Lest you be tempted to dismiss all benchmarks as irrelevant, you can take comfort in the nature of statistics. The Law of Large Numbers states that a sufficiently large sample will be adequately able to model typical behaviors for the population from which it is drawn. In English, this means that the more the workloads used to create a benchmark resemble your own server's workload, the better that model applies to you. Nevertheless, a certain amount of caution when evaluating benchmarks -- especially those built by vendors to compare their servers to those from other vendors -- is always warranted.

What's in a Web server benchmark?
Since the HTTP protocol upon which the Web rests is inherently a transaction-oriented protocol, it's a worthwhile subject for benchmarking. In HTTP, clients make short, simple requests that can take only a limited number of forms. Servers provide a broad range of replies that can vary from short error or information messages to arbitrarily long collections of text, graphics, and other information.

Thus, Web server benchmarks tend to concentrate on three or four measurements, all produced by subjecting the server to its modeled workload and varying one or more of the variables being measured. These variables usually include at least two or three of the following measurements:

For the first three measurements, more is clearly better, since it indicates a server that can handle more users, process more data, or field more HTTP requests over time. For the final measurement, less is better, because it indicates a server that responds more quickly to a request for service.

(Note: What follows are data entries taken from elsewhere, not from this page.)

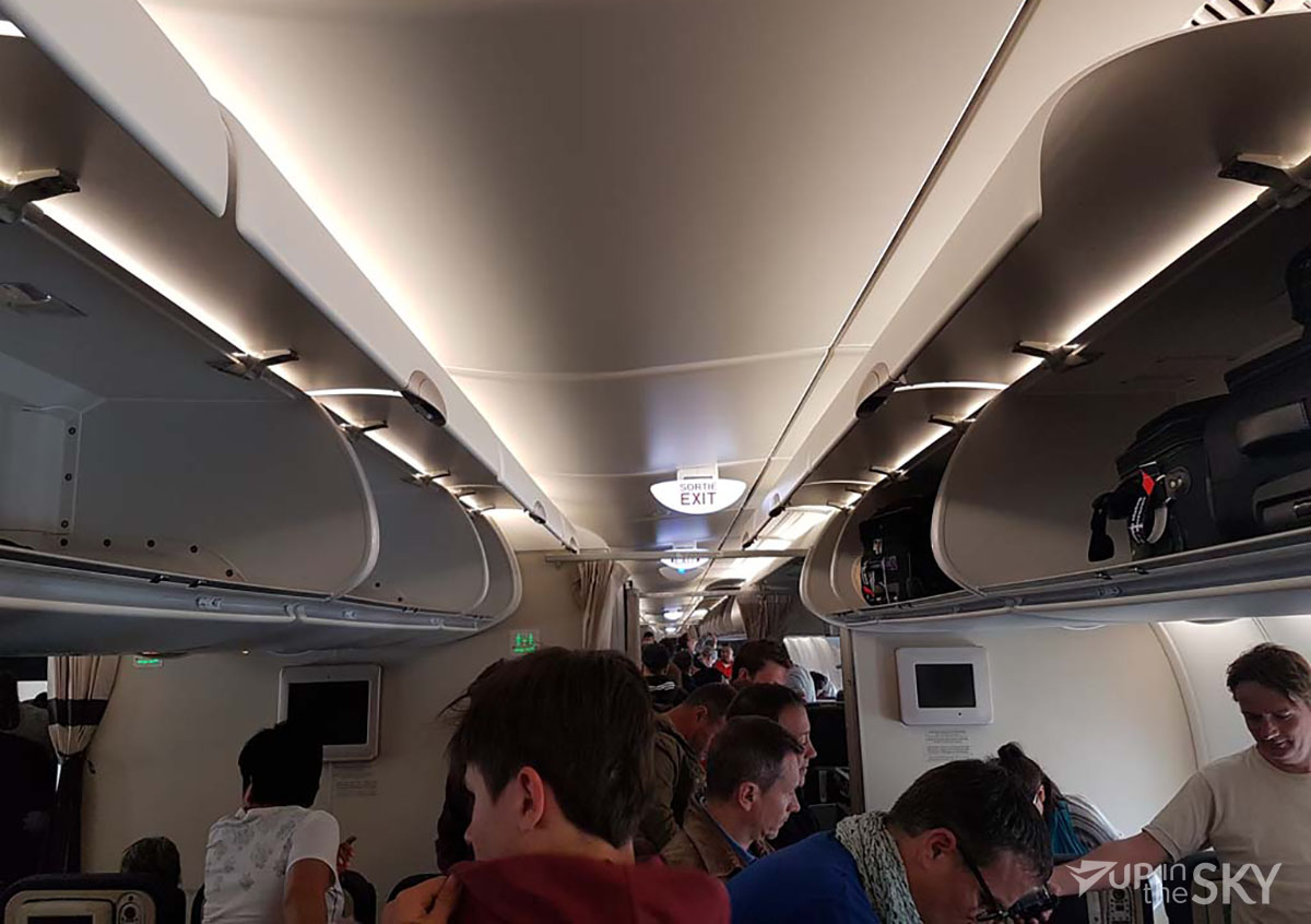 Ondanks de grote van het toestel, gaat het boarden vrij snel. Op het vliegveld zijn drie rijen gemaakt, Businessclass, upperdeck en lowerdeck. Mijn stoel was in het lowerdeck.
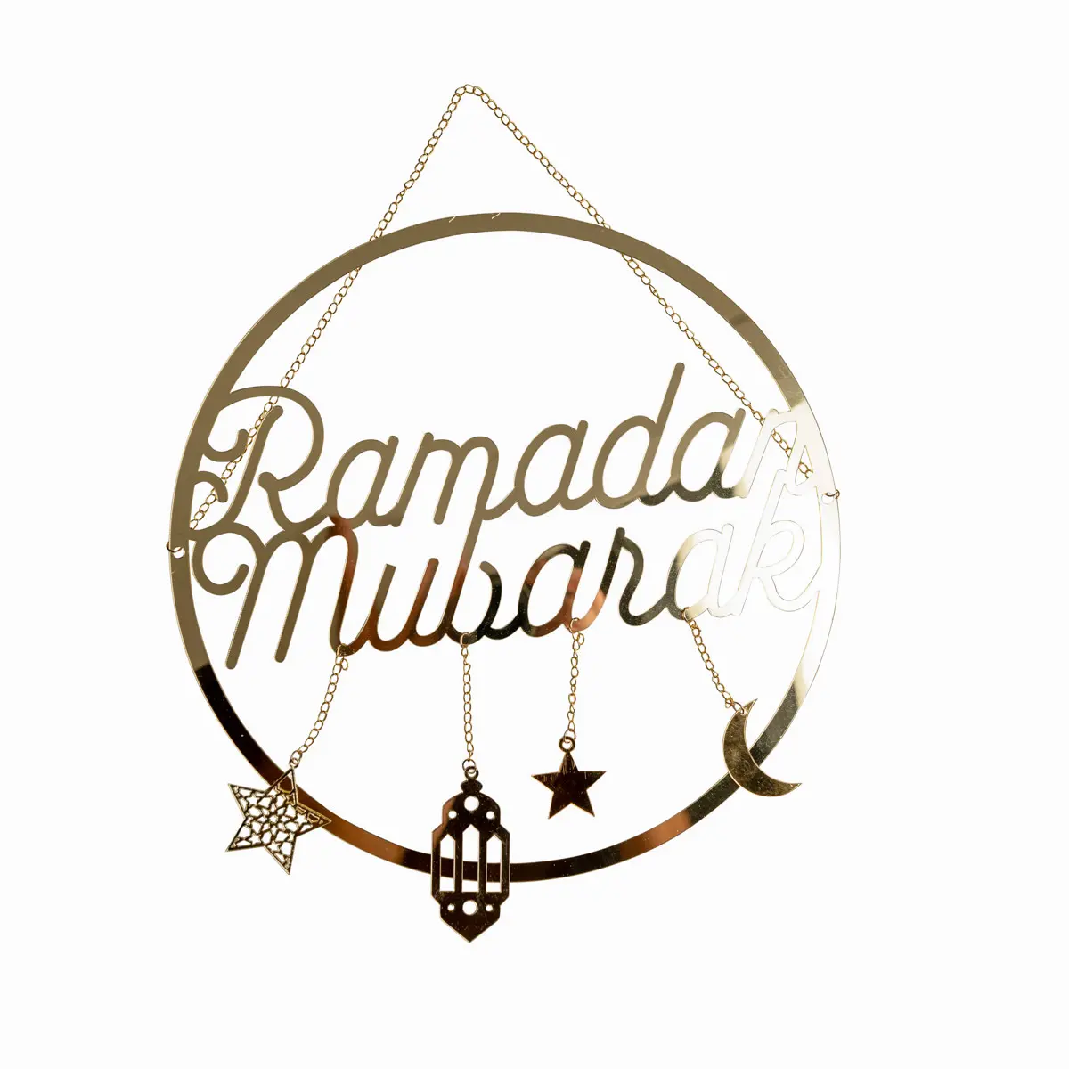 Ajoutez une touche de raffinement à votre intérieur avec cette magnifique suspension ronde en acrylique doré « Ramadan Mubarak ».
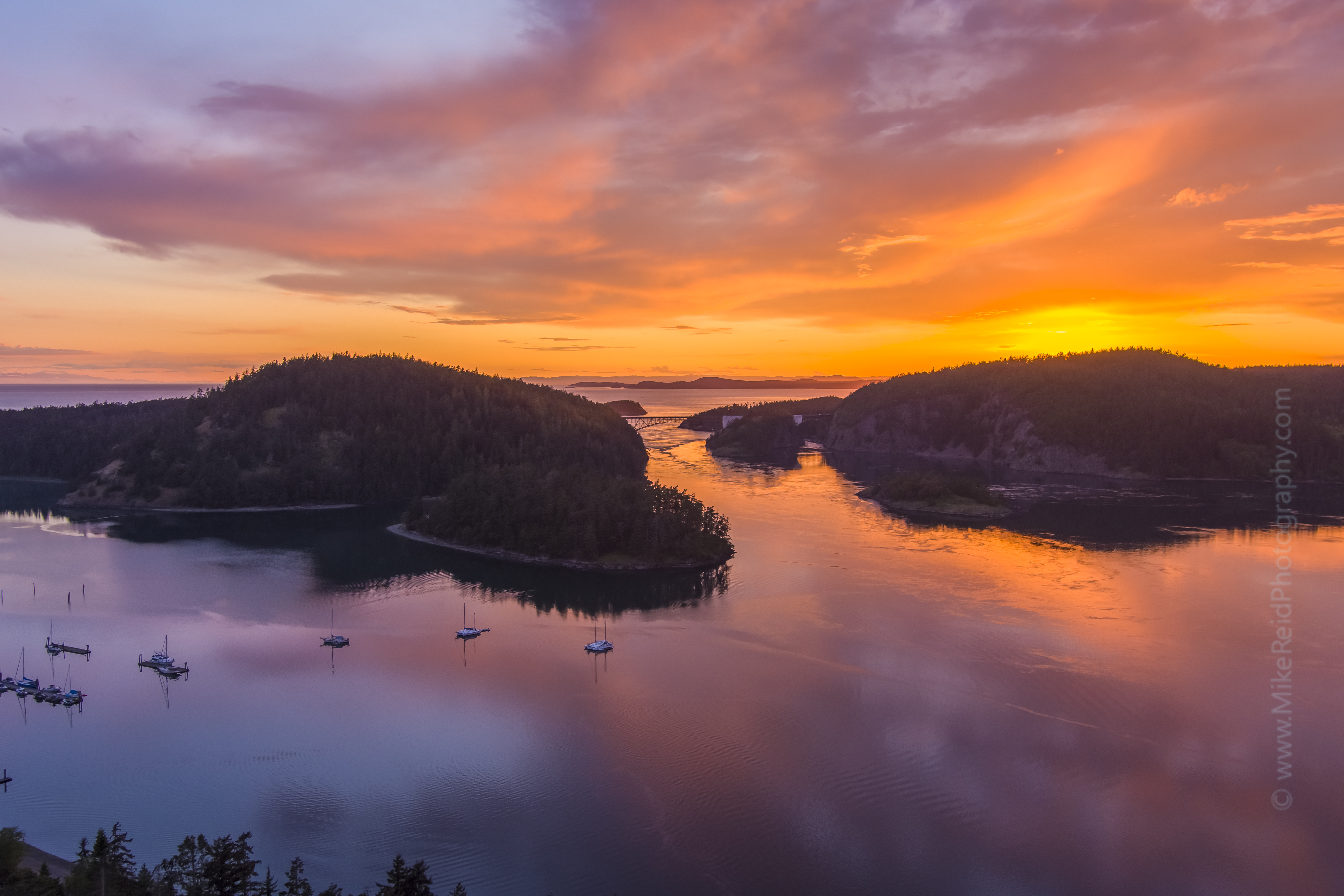 A breathtaking aerial view captures the sunset over Deception Pass Bridge connecting Whidbey Island and Fidalgo Island in Washington State. The glowing sky reflects in the still waters below, illuminating the rugged coastline and forested islands of the Pacific Northwest. This fine art drone photograph showcases one of Washington’s most iconic landscapes — perfect for collectors, wall décor, or commercial licensing. Captured by Mike Reid Photography.
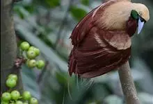 大极乐鸟是极乐鸟属中最大的鸟种。成年雄鸟体长可达到43厘米,雌性可达35厘米。雄鸟的额、颊、喉等墨绿色;头、颈黄色;上体暗赤栗色;腹部葡萄红色,胁部有长饰羽,其基部橙黄,中部黄色,…全部>>
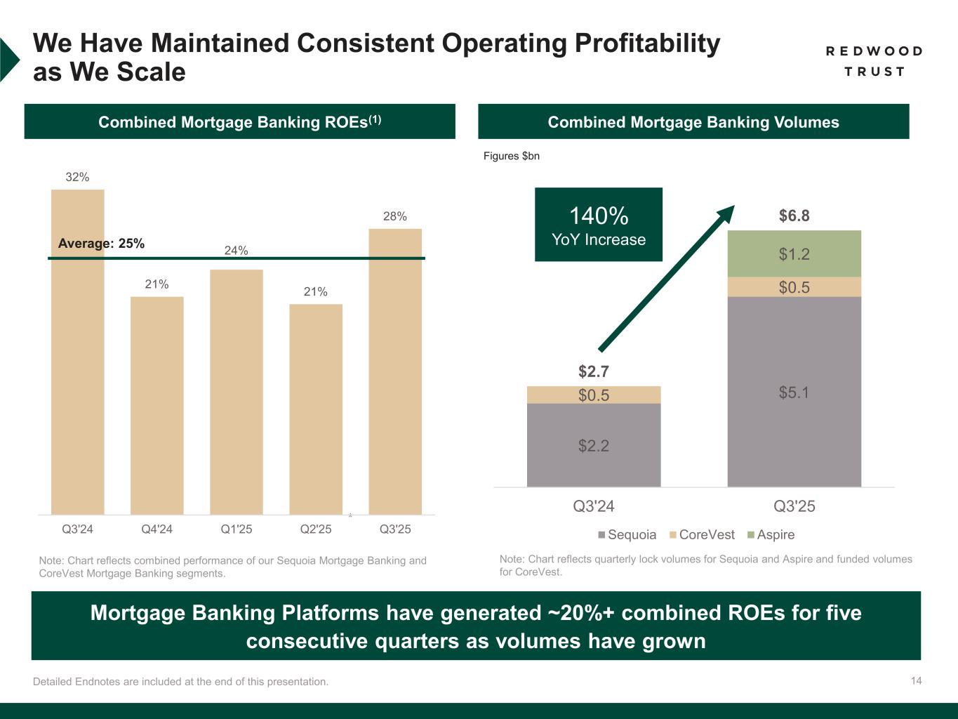 13 Third Quarter 2025 Financial Performance *Non-GAAP Core Segments EAD EPS and EAD ROE are non-GAAP measures. See “Non-GAAP Disclosures” slides in the Endnotes for additional information and reconciliation to GAAP metrics. Detailed Endnotes are included at the end of this presentation. Earnings and ROEs Book Value and Common Stock Dividend $(0.08) GAAP EPS $0.18 Dividend Per Share 12.4% Indicative Dividend Yield(2) (3.9)% GAAP ROE Segment Summary $7.35 Book Value Per Share 0.5% Total Economic Return(1) $1.6 bn Core Segments represent 75% of total capital $0.20 Non-GAAP Core Segments EAD EPS* 16.8% Non-GAAP Core Segments EAD ROE* Segment ROE(4)) Non-GAAP EAD ROE* Mortgage Banking (Combined) 28% 29% Redwood Investments 9% 10% Legacy Investments (18%) (12%) Core Segments (Mortgage Banking Platform Segments & Redwood Investments) Legacy Investments Legacy Investments 25% Mortgage Banking Platforms 47% Redwood Investments 28% Segment Capital Composition(3) Segment Returns

What benchmarks are available today?
There are numerous Web server benchmarks available right now on the Web (where else would they be?). We found the following handful to be of the greatest interest -- and potential utility -- to practicing Webmasters and other Web aficionados (See the sidebar, But wait, there's more, for further benchmarking information and online resources).

Implemented and maintained by Hewlett-Packard, NetPerf provides a general indication of network performance for Unix and Windows NT. It measures response latency for generic transactions on an IP network. Because it's not specifically aimed at HTTP, it's not as accurate as the rest of the benchmarks we cover, nor does it address maximum carrying capacity or connections handled over time. But NetPerf is widely available and broadly used to benchmark IP servers of all kinds.

Implemented and maintained by Silicon Graphics, Inc., WebStone is designed from the ground up to measure Web server performance. SGI provides source code for its benchmark for easy porting to other platforms. WebStone measures raw throughput for a standard mix of HTTP requests and replies to model a "normal" server workload. It provides stats on response latency and throughput, including the number of connections and the number of requests and replies handled over time. While SGI touts this benchmark, other vendors have been less enthusiastic about its results.

Implemented and maintained by Web66, a multi-university project in Minneapolis, MN aimed at facilitating the use of Internet technology in K-12 schools, GStone represents that group's efforts to define a Web server benchmark methodology and test suite. It measures typical performance for typical service under a typical load, as determined by statistical analyses across numerous Web sites, public and private. GStone measures response latency and data throughput for a Web server. Unfortunately, the group does not make its source code available for re-use by others, but does perform ongoing analyses and regularly publishes updated results.

Implemented and maintained by the Standard Performance Evaluation Corporation (SPEC), SPECweb96 represents this industry group's first foray into Web benchmarking. Because SPEC's charter is to define and supply objective benchmarks, and because this group has been careful to recruit representatives from most of the major players in the Internet and intranet markets, SPECweb96 represents the best hope for an objective, universal Web benchmark to which all parties can agree. The SPEC group performed extensive analysis of HTTP requests and replies across numerous sites, then solicited feedback from companies like Netscape and Spyglass in constructing its model workload. HTML document sizes are varied according to a mix across a range of file sizes, then randomly accessed to simulate typical access behavior. This benchmark concentrates completely on HTTP GET requests and measures average response time for requests, plus a metric based on overall throughput, measured in maximum benchmark operations per second.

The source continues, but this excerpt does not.